Willy Uribe is visiting us with the exhibition he’s put together for Soul, and Gari Garaialde is giving us his non surfer point of view.




WillyTerritorio Cantábrico
presented by Willy Uribe at Soul Shop, c/Mayor 12, San Sebastian, in the heart of the old town.



These photos composing the exhibition, Territorio Cantábrico, were taken letting aside any artistic intention whatsoever, they need to be understood as a graphic documentary of a path that thousands of surfers have passed through since the mid sixties.

Beaches, trails, people, river mouths, towns, boards, tips, cities, wax, shallows, hermitages, capes, vans, cantines, highways, inlets, gas stations, cliffs, harbours, wet suits, hills, islands, friends, fields, coves…and one single common thread linking them all: the waves the Cantabrian Sea offers, the treasures already mentioned by Pierre Rontegui, Señor de Lancre, on one of the most beautiful descriptions I’ve ever read on the Cantabrian Sea:
 

The sea is a path without path, sometimes penetrates easier than the earth itself, even tough it doesn’t seem to be traced. Nevertheless, going  out to the sea like people do just anytime on any occasion,  is something very unconscious and lightheaded…left to the mercy of such a moody element, full of inconsistent creatures…Because the big ocean doesn’t usually drag us if the winds are not pushing. So the seas carry us and the winds transport us, they blow us and puff us in their flows and fluids, the air that is taken in and the vapours they receive make us wet, blur us and soak us with such an amount of water, outside and inside, in a way that you could not say that navigating under storms such as those, is nothing but a real reckless despair, caused by the wind of inconstancy, under the greed  of  insatiable avarice and some fickle mood driving them in the quest of treasures.

Pierre Rontegui,
Señor de Lancre. S. XVI
  

MicrophoneUrban Surf
presented by Gari Garaialde
at Urban House, Kursaal
                             
Embracing Dreams

Yesterday, today was tomorrow. Tomorrow, today will be yesterday. Our memories will disappear at the bottom of the sea. Our ashes might be handed to the wind at some unknown harbour. We might burn in a fire that has not been lit yet. We shall be nothing but smoke on the maps of the future. Someone’s guitar taught us sometime, one of those remote yesterdays, that we are the prehistory of the future.
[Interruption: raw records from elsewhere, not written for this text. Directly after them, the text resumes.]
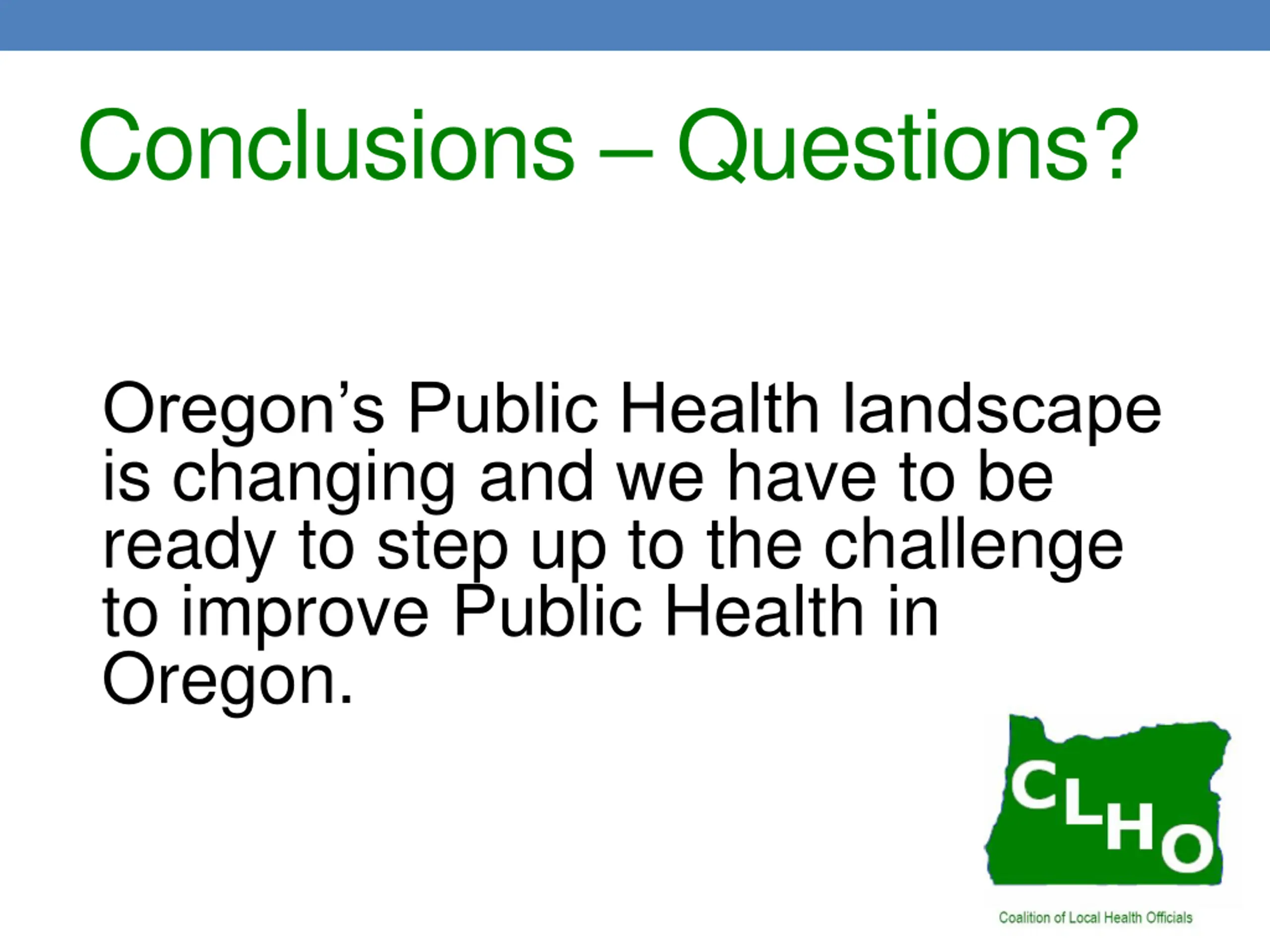 Conclusions Questions? Oregon s Public Health landscape is changing and we have to be ready to step up to the challenge to improve Public Health in Oregon.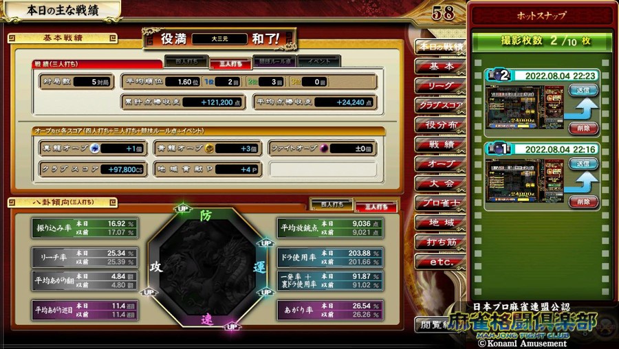 サブカ3号(ともたんサポートカード)のサンマの成績です。 久しぶりに大勝しました。゚(゚´Д`゚)゚。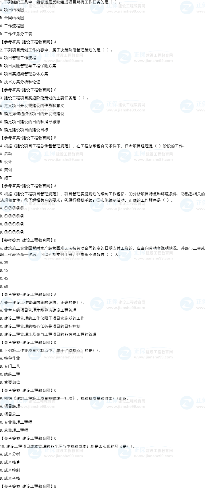 2022年一級(jí)建造師補(bǔ)考項(xiàng)目管理試題及答案1-10題。建設(shè)工程教育網(wǎng)考后將會(huì)根據(jù)學(xué)員反饋,及時(shí)匯總2022年一級(jí)建造師補(bǔ)考項(xiàng)目管理試題及答案分享給大家,并且會(huì)及時(shí)做出答案解析,希望能為廣大一建考生朋友帶來(lái)幫助。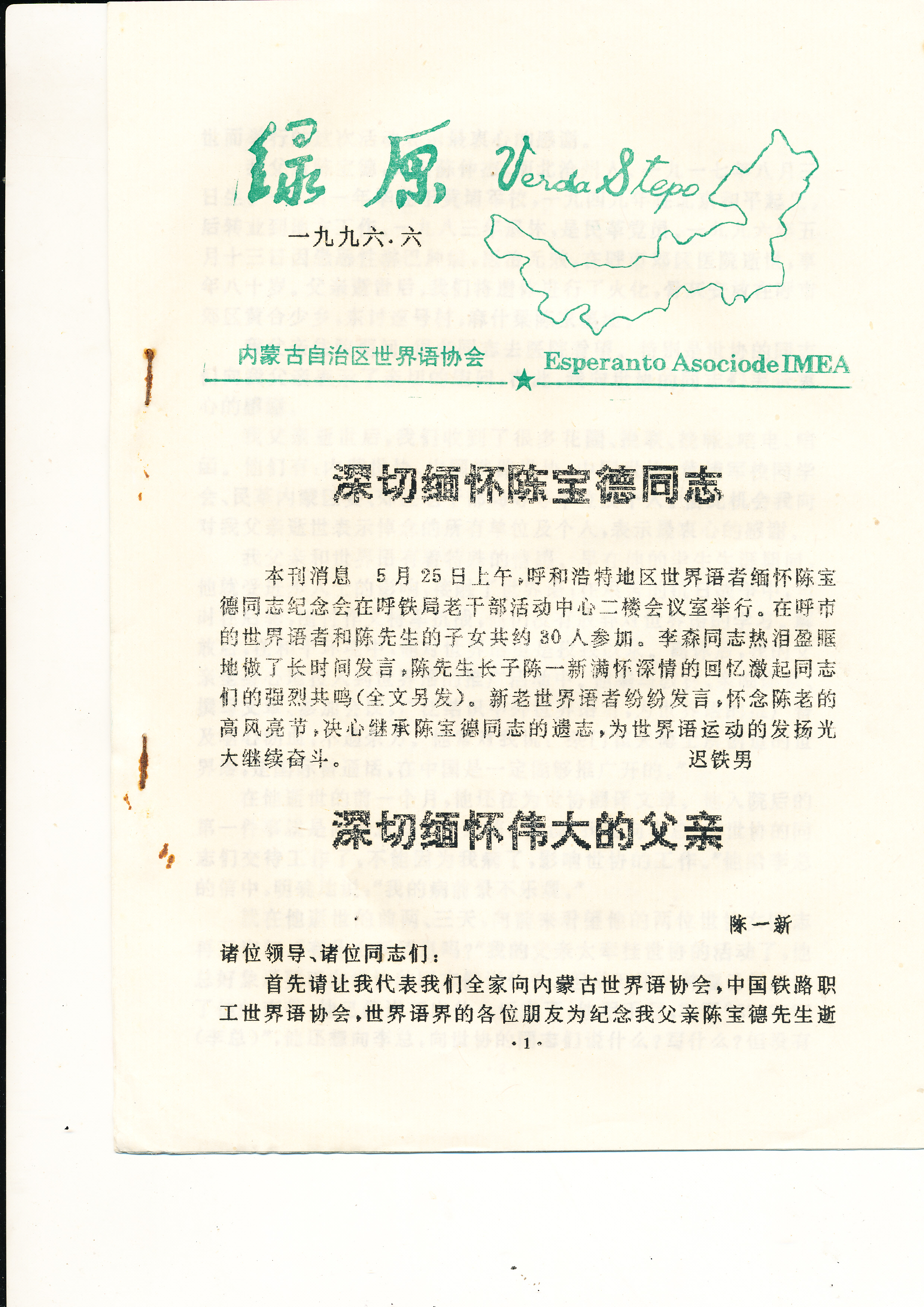 1996年内蒙古世界语协会《绿原》第六期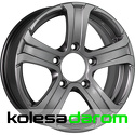 Тип: литой • Материал: алюминиевый сплав • Ширина: 6" • Диаметр обода: 16" • Количество крепежных отверстий: 5 • Диаметр расположения отверстий (PCD): 139.7 мм • Вылет (ET): 40 мм • Диаметр центрального отверстия: 98 мм • Цвет: серебристый, чёрный, серый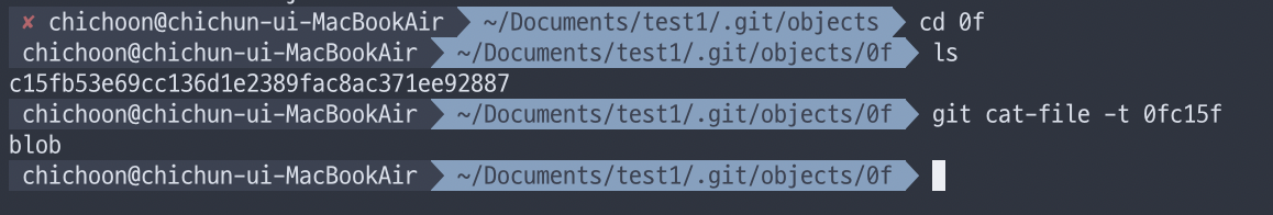 $> git cat-file -t [폴더명][파일명 앞 4자리] # 파일명 다 적어도 상관없음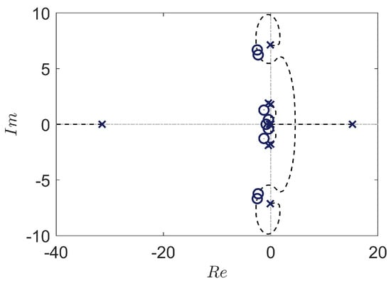 The concept of zero dynamics for a linear system is equivalent to the zeros of the associated transfer function []. The location of the zeros in the complex plane determines the stability of the zero dynamics. The system is known to be (strictly) minimum phase if the zeros of are in the left-half plane (LHP) ().

Only once we can understand this we’ll have learnt to look at the sea in a different way. Just like we look at the beauty of the leaves in Autumn. Like the shooting stars. We’ll dream with the colour of new leaves, with new waves and with other stars that will be falling at some point.

From the lips of old sailors, we shall read, the most beautiful things that could be do not exist, and there are things that even though they are not, they do exist. After all, looking at the shore, you will find no trace of the wave that has just broken. It shall be gone. The sea leaves as soon as it arrives. It is not easy to embrace the sea, and you have to keep your eyes open to catch its brief caresses. The whole of these hugs is what they call surfing.
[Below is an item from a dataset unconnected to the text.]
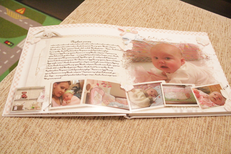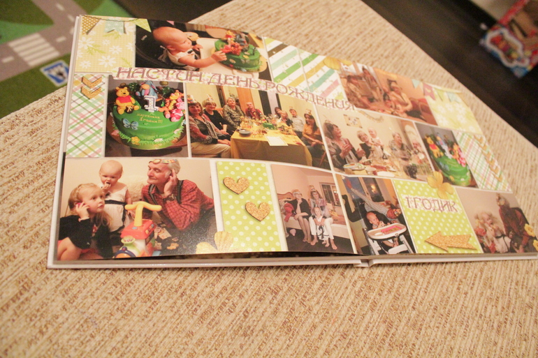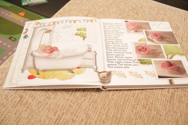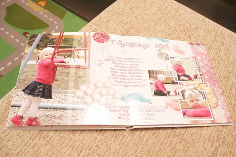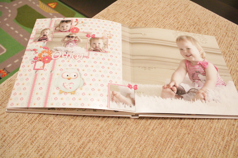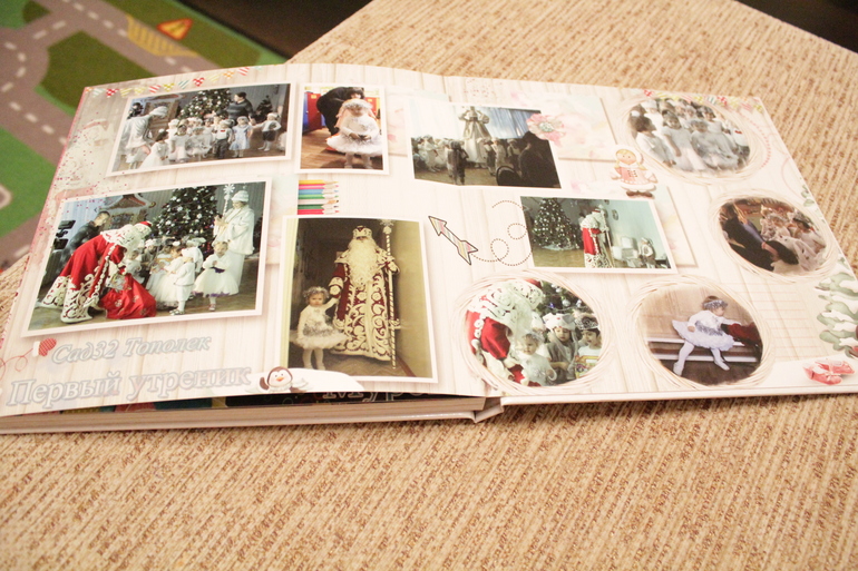 Законченные альбомыФормат 25*25. Троропилась чтоб успеть к 50% действовавшей до 5 января. И не нашла в хорошем разрешении 3 разворота в итоге загрузила скаченные с инета ...качество плохое, и один разворот на фото не видно кисло зеленого цвета ушел в желтизну при печати обидно(((( А еще припечати все немного укрупнилось, не правильно расчитала размер слегка но не страшно. Все с опытом приходит))) А так качество сказка 33 разворота о доче с рождения до 2

In the end, life is just like surfing. We don’t know which wave we have to embrace. We dedicate some time to look at the horizon to choose an option. Some unknown force pushes us to choose one wave or the other without knowing if the one behind it will be a better one or not, or if the wave we’ve let pass by and we have not embraced was the most appropriate for us or not. Having to choose, that’s what life seems to be all about. That’s what surfing is all about. You have to know how to look at the waves and you have to embrace those brief hugs. To know how to choose. After all, we are the sum of all our choices.
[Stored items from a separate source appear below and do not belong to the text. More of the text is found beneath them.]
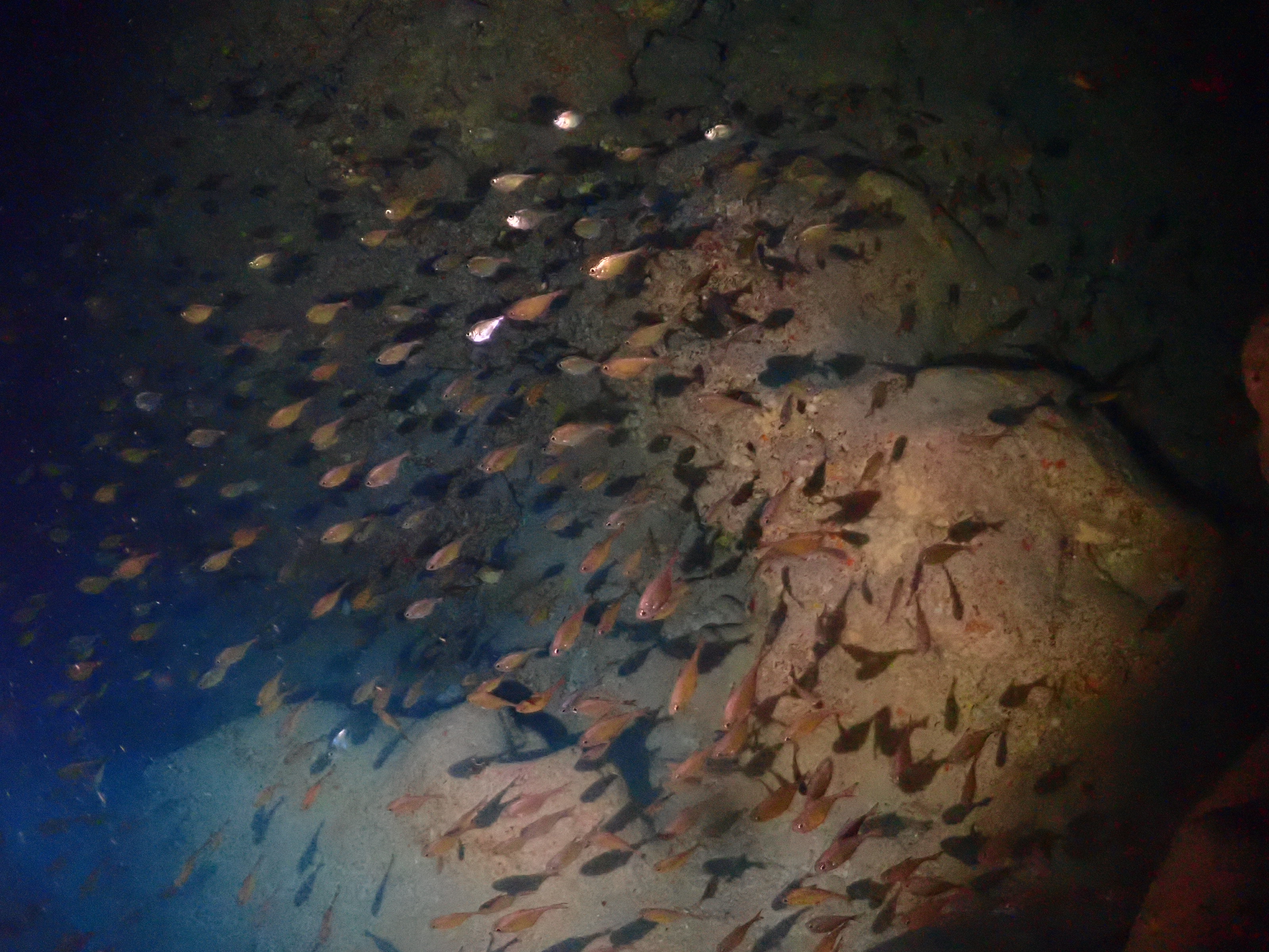 肉眼ではキラキラと光るの解る ハタンポの群れとウコンハネガイ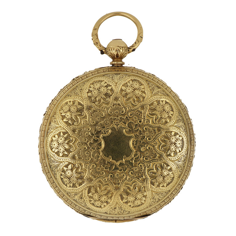 Anonimo orologio da tasca epoca 1800 in oro giallo tripla cassa finemente inciso e decorato a fiori e rosette animato da movimento meccanico carica a chiavetta quadrante in argento con bassorilievo a cestino in oro numeri romani e dot per i minuti secondi a ore 6.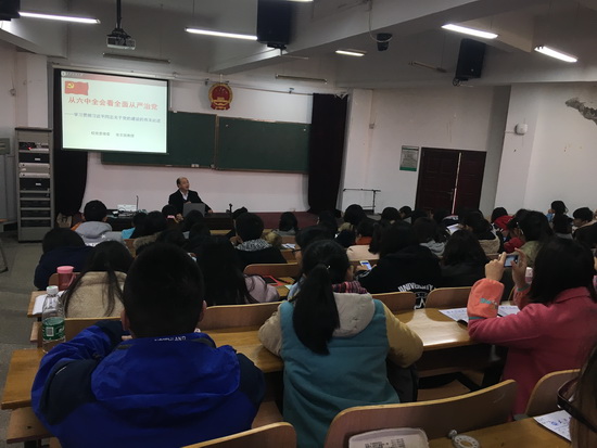 近日,校党委常委张文凯教授应太阳成集团tyc33455ccwww邀请,在07-T301学术报告厅为学院全体入党积极分子及预备党员作了题为《从六中全会看全面从严治党——学习贯彻习近平同志关于党的建设的有关论述》的辅导报告。报告会由太阳成集团tyc33455ccwww分党委邹茜副书记主持。
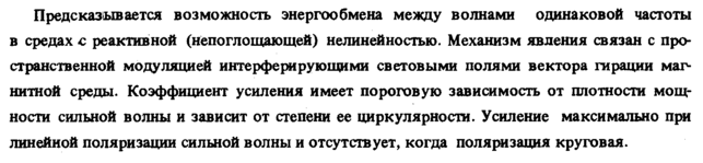 Предсказывается возможность энергообмена между волнами одинаковой частоты в средах с реактивной (непоглощающей) нелинейностью. Механизм явления связан с пространственной модуляцией интерферирующими световыми полями вектора гирации магнитной среды. Коэффициент усиления имеет пороговую зависимость от плотности мощности сильной волны и зависит от степени ее циркулярное™. Усиление максимально при линейной поляризации сильной волны и отсутствует, когда поляризация круговая.
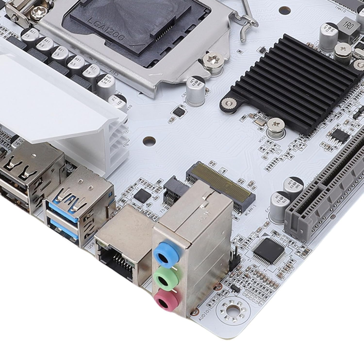 Figura 1.1: Acabatview of the ciciglow H510 ITX Motherboard. This image displays the compact layout of the motherboard, highlighting the CPU socket, RAM slots, and various connectors.

Looking at Gari Garaialde’s photos we have realised surf and photography are nothing but two synonyms of life itself. The passion of those who want to learn to choose. Finally, shooting photos is like surfing. To observe something and to make a choice at a precise moment. To compile the moments that our daily life constantly brings up, like the surfers catch the waves that break on the coast and immediately disappear . A good photographer, makes things that are not stay permanently on an image. Photographers have surfer hearts. They are artists who have learnt to observe.

We think, in this pictures Gari Garaialde wanted to look in the heart of these surfers that are like photographers. He didn’t go out there looking for the colourful pictures and amazing waves surf magazines show. Nope. It could appear that by presenting the pictures in black and white he wanted to show us the inside of those who want to embrace the waves. The heartbeat and the unknown force of those who are making their choice. Of those looking at the horizon. The dreams of those expecting waves that will soon have disappeared forever. The photographer did not pick these out by chance. He also wanted to embrace this piece of life that was about to disappear, but with the photo camera instead of the surfboard . These days, when we are starting to forget how to dream, it has helped us dream , showing us things that are not  and saving them forever. Gari  is from Hondarribia. I’m sure he must have saltpetre somewhere in his surfer heart.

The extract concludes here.